PROVIDED ENTRIES section start

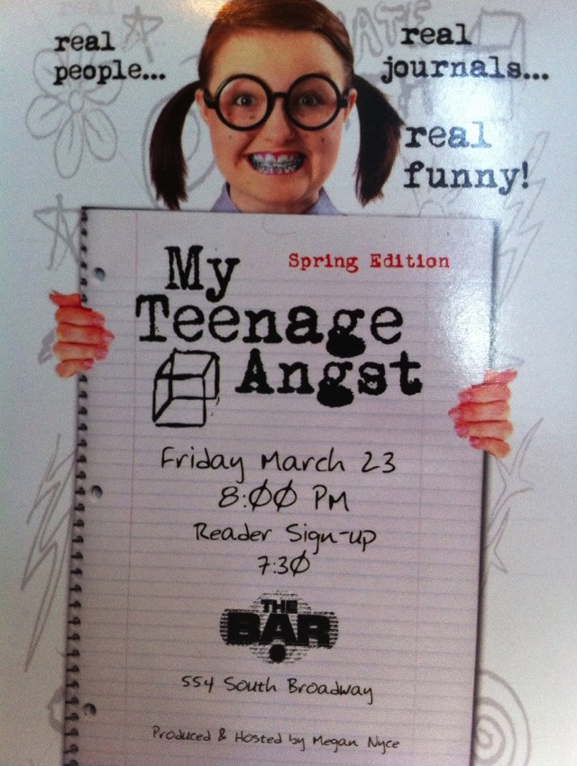 The crazy romantic ideas start early. Check out My Teenage Angst where writers share stories from adolescence about love and desire crashing and burning. The Spring edition is 8PM March 23, 2012 at The Bar on south Broadway.
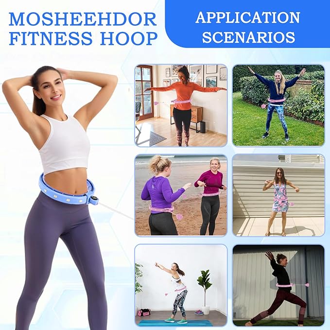 - đ [Perfectly Smooth Rotation] Say goodbye to annoying pauses! The high-performance ball bearing system ensures smooth rotation even during high-intensity training, allowing you to enjoy a happy fitness time.This silent smart weighted hula can give you a seductive figure.MOSHEEHDOR silent smart weighted hoop is suitable for luxury home gym,apartment friendly workout.
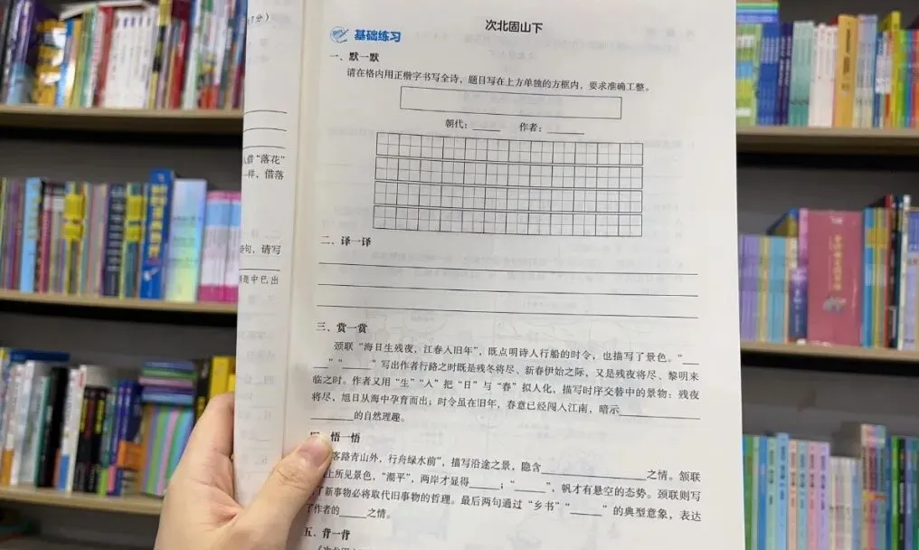 它严格按照教学目标,先背默诗词全文、文学常识;再赏悟写作技巧和思想情感;最后真题操练,通过实战训练赏析和阅读理解的能力。
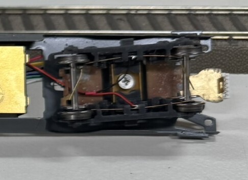 Je ziet hier de messingdraad die ik heb gebruikt om de assen op te sluiten.
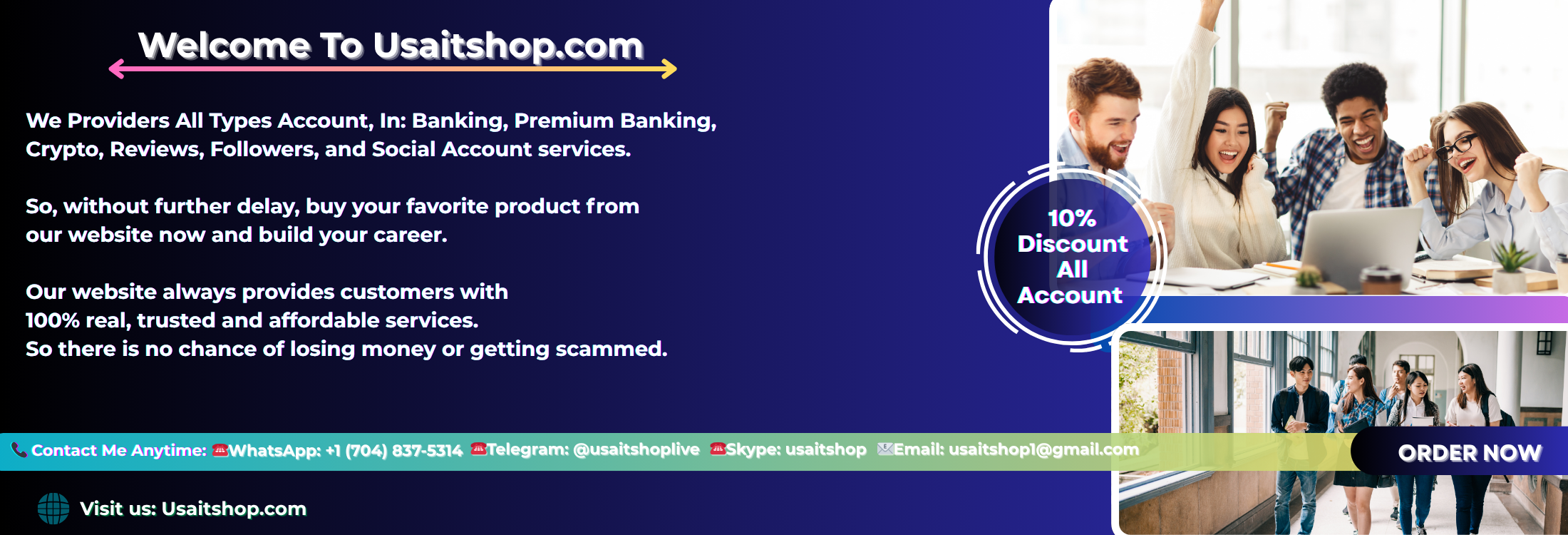 We Providers All Types Account, In: Banking, Premium Bank Crypto, Reviews, Followers, and Social Account services.
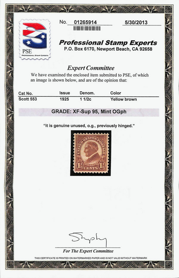 7149 og 553 image1925, 1½¢ Harding (Scott 553), o.g., very lightly hinged, Extremely Fine to Superb no SMQ for XF-SUP 95 OGph, with 2013 P.S.E. certificate graded XF-SUP 95.

PROVIDED ENTRIES section end

Every line from the one holding "它严格按照教学目标,先背默诗" through the final line of the data above is to be reproduced exactly, both ends included, with the pictures left out.

**YOUR RESPONSE**.
 它严格按照教学目标,先背默诗词全文、文学常识;再赏悟写作技巧和思想情感;最后真题操练,通过实战训练赏析和阅读理解的能力。
 Je ziet hier de messingdraad die ik heb gebruikt om de assen op te sluiten.
 We Providers All Types Account, In: Banking, Premium Bank Crypto, Reviews, Followers, and Social Account services.
 7149 og 553 image1925, 1½¢ Harding (Scott 553), o.g., very lightly hinged, Extremely Fine to Superb no SMQ for XF-SUP 95 OGph, with 2013 P.S.E. certificate graded XF-SUP 95.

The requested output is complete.